Sigh. Is this a familiar scene for anyone?
Life with a toddler can be best summed up here. It explains why you can be at home all day and yet feel like you literally accomplished nothing. It’s so true. While I’m putting laundry away in L’s room, B is ripping apart all his legos. While I’m making our bed, he’s undone an entire roll of toilet paper in our master bath. I have that kid from the cover of ‘I’ll love you forever‘ and while I certainly love the heck out of him, the like can sometimes be iffy while he is undoing the home over and over and over again.
Even my 8 year old. I’ll find his pants in the kitchen. He’ll be in the basement for 5 minutes with his buddies and it will be completely destroyed (also the workings of his brother). Toothpaste is regularly smeared all over his bathroom sink. Heck no. I am not raising a slob. Heaven forbid someday some poor nice girl (please be nice, please be nice) enters either of my boys’ apartments and sees a disaster zone. Our home will be picked up, tidy, organized, surely welcoming and lived in, but not over run by the kids. There is a fine line, and here’s my best tips for balancing it all:
- The first floor is the grown up floor. Sure, there are fingerprints smeared on the glass doors, art work hung up, brown bear brown bear in the pile of books in the living room, and toys for the kids – but they are organized, stored away, and out of sight. We have a large trunk for our coffee table that holds eight baskets of toys so the legos, trios, magnet tiles, etc., all own their own little place in our home that is not in our view.
- Speaking of baskets, I can not stress this enough. All the toys need a place to go, otherwise you will end up with drawers and bins of just random items (AKA: my greatest nightmare). I’ve also found this concept helps the kids in their ability to clean up well. The balls go in the yellow basket, the trios go in the green box, etc. Items need a home.
- The basement. Sing it with me now… ‘let it go, let it go.’ This is my let it go room. Especially in the colder months, it will be the room that is destroyed and unorganized and chaotic. And that’s ok. Kids need a spot to play like that. My rule of thumb is the boys tidy it up each night, and once a week I spend a chunk of time organizing their ‘clean up.’ Again, make sure you have a spot for everything (we have massive bins labeled ‘instruments’, ‘cars’, ‘blocks’ – etc.). I’ve found if you put the tidy rule into effect along with your once a week organizing rule things never really get out of control.
- When my favorite living room or just picked up family room has legos and balls and batts strewn all over 5 minutes later, I take a deep breath and repeat this to myself over and over: ‘your home is not dirty, it’s messy.’ Those are two very different things. It may look awful, but when you really stop to clean it up with the boys it takes about 5 minutes.
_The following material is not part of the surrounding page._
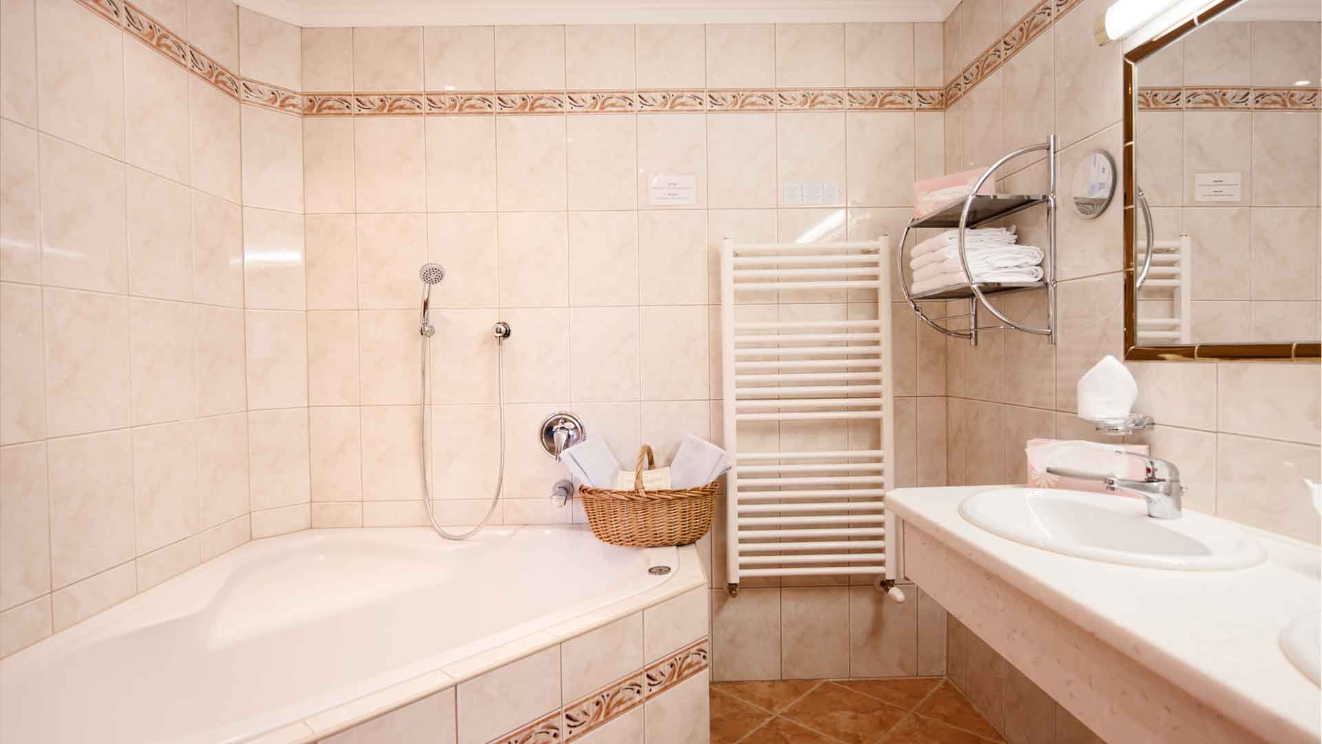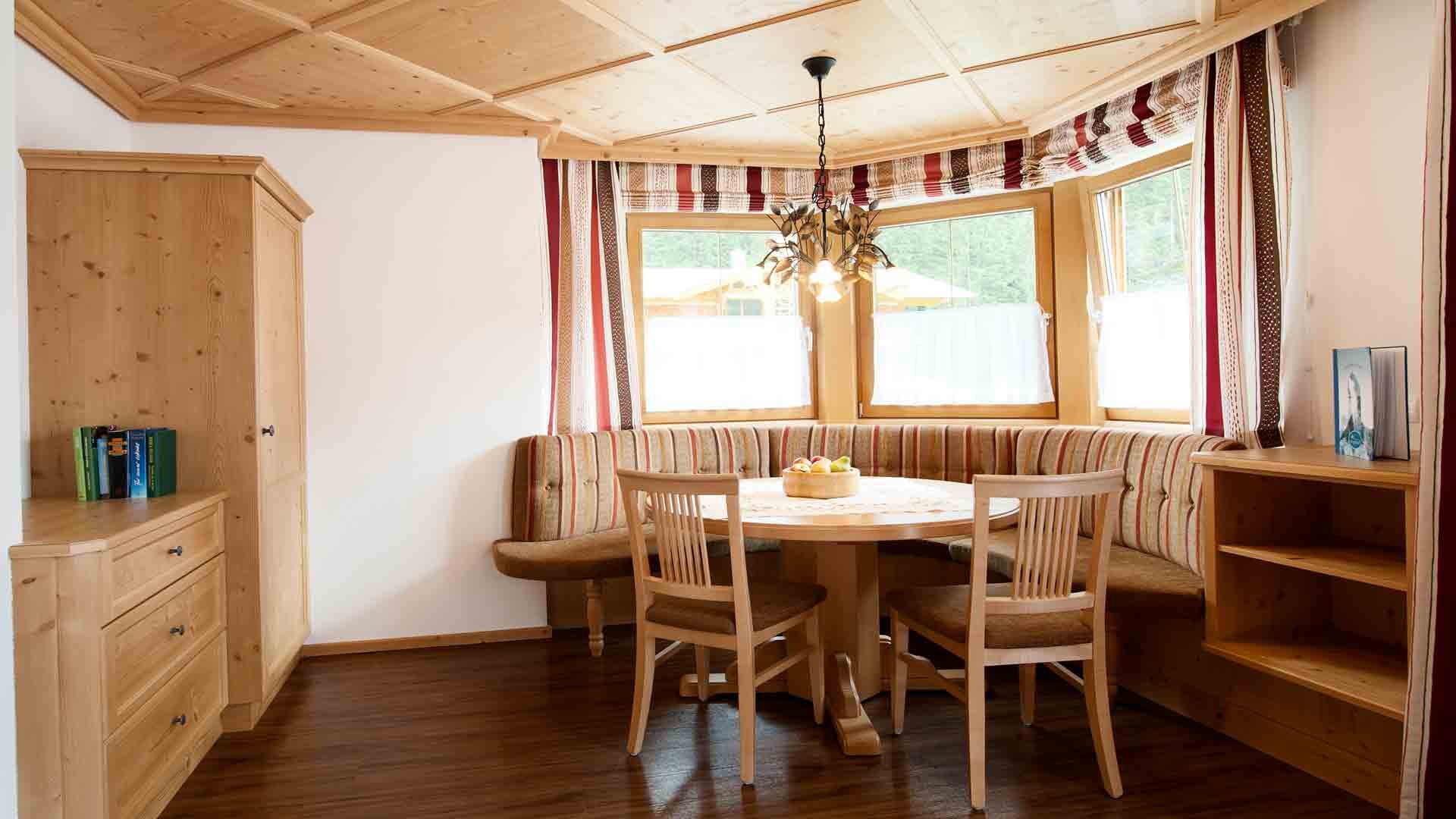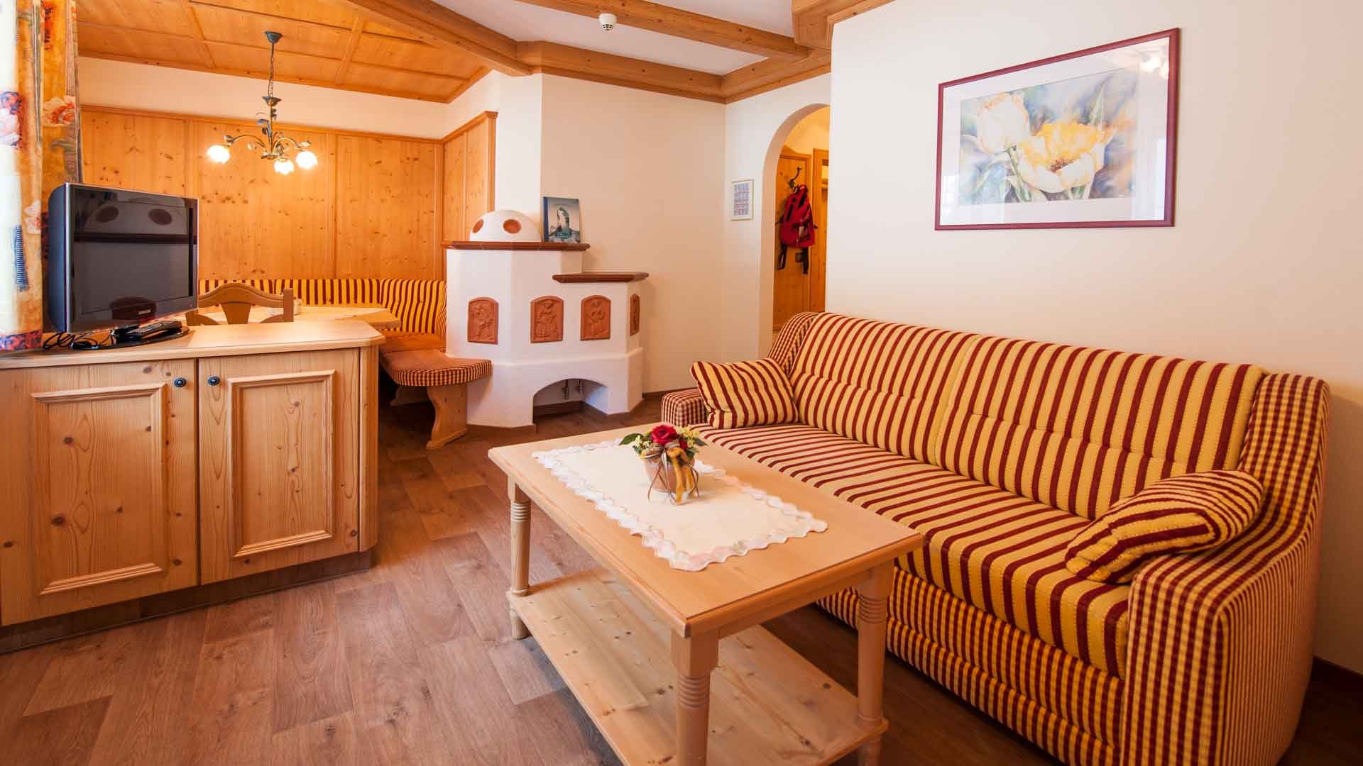 Geräumige Suite (60 qm) mit Wohnstube, abgeteiltem Schlafraum, Kochnische, Dusche und Badewanne, Toilette getrennt, Internetanschluss, Radio, SAT-TV, Telefon, Safe, Föhn und Balkon mit herrlichem Blick auf den Volderaue..

- I only fold and put away laundry when the little one is sleeping. It just doesn’t work when he’s awake (see photo above).
- This tip took me a few years to figure out but now I can’t imagine living without it: before birthday parties and Christmas, clear out old toys. Donate them. Move some to storage, do whatever you need to do to make room for the new ones that are coming. Because if your family is anything like mine, they will be coming in abundance and you will need the free space.
- When it comes to chores, L doesn’t have a chart or allowance – it’s just expected of him to do certain things. Hang up his backpack and coat. Bring in his plate. Clothes in the laundry basket. No more smeared toothpaste. Little things like this to teach him to pick up after himself, and I don’t believe it warrants the reward of money.
- Embrace the havoc kids can bring to your home. I have marker on my bay window frame from when L was 2; B colored with marker on our stainless steel dishwasher days after pouring blue paint on our stair runner. One of the boys (I’m thinking L) slammed the door so hard into our brand new mudroom wall that there is now a hole. The marks, dents, scratches are going to happen. Just take a deep breath and tell yourself it adds character.
- I pick up toys twice a day: at nap time and before M gets home from work. In between I just go with it; otherwise I would be picking up after B all day. Before bed, we all pitch in, and go to sleep with a tidy home.